Review: A TRIP THROUGH DOWNER, MINNESOTA by Gretchen Johnson

I’m not really that much into poetry, but after reading the entertaining stories of Gretchen Johnson in The Joy of Deception, I couldn’t resist.

These poems actually don’t read so much like poems;  they feel more like little stories—stories told from the eyes of a middle-aged man dealing with his overbearing mother, nagging girlfriend, and every dull drone in his sleepy town of Downer. Each is a mere observation. For instance:




 
[Excerpt, pg. 13]

Today I saw an old man walking
with a young dog,
and I wondered what they’ll do
when the other is no longer here,
the dog having no one to feed him
and the man no one to walk toward.

 
As I continue reading, the nameless narrator feels restless in his town, in his life.

[Excerpt, pg. 23]

Sometimes, in the middle of the night,
I pack a suitcase in my mind,
softly sliding shirts and slacks, socks and shaving cream
into the dusty suitcase while Charlene snores in the next room,
and I sit alone in the quiet living room,
stuck on the sofa with a cup of powdered cocoa in hand,
my finger follows highlighted highways
across state maps spread out over the coffee table,
and I can feel myself driving south
through Pipestone and down 75 past Rock Rapids, Iowa,
watching the sun rise over foreign fields
as Charlene sleeps to dawn
but I always rinse the cup out, fold the maps,
and head back to bed, and Charlene always wakes before me
and plans another day out too swiftly
for me to ever escape it.

 
This made me wonder: People are always dreaming and scheming of getting out—out of a job, out of a relationship, out of the parents’ house, out of the state, out of this world—but, in the end, we always end up back where we started.

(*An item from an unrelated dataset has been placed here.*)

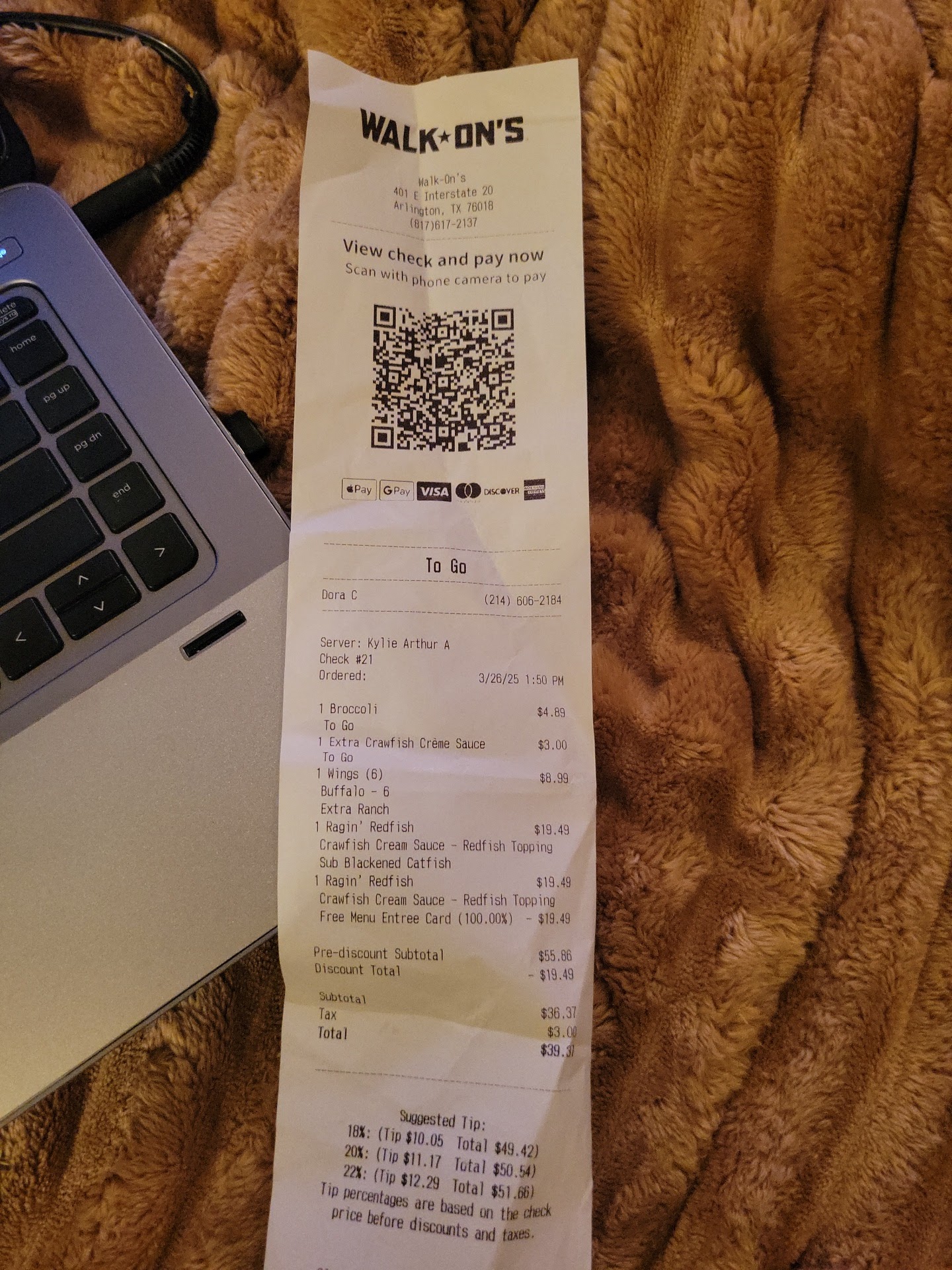 LONG REVIEW ALERTOn Wed, March 26th, 2025, as I was driving from North DALLAS to the Walk On's Arlington location, I called them at 1:30pm and asked how long was it taking for PICKUP ORDERS. The guy said 15 mins. So I told him I would get my order together and call him right back.

Why? Are we mindless hamsters constantly riding in the spinning wheels of our cages? Perhaps that’s all we know.

[Excerpt, pg. 35]

Charlene is destroying me,
too slowly for anyone to notice,
like the Mount Rushmore t-shirt
worn and washed too many times
[…]
And she says she loves me
as she shears my hair too short for January air,
talks endlessly through the last lunches with my mother,
spends nights uninvited,
and insists I shower with rose-scented soaps
and sometimes I stand alone
in my fast fading house and wonder
how many washes are left
before I fade completely.

Must we lose ourselves to gain another?

My favorite one had to be the one that compared Charlene to a tornado, only getting worse in its lingering presence and eventually destroying everything in its path. Of course, my review is based almost entirely on these few select poems; others weren’t quite as memorable. Still, the good writing was there.

Thought-provoking and candid. Well done, Ms. Johnson!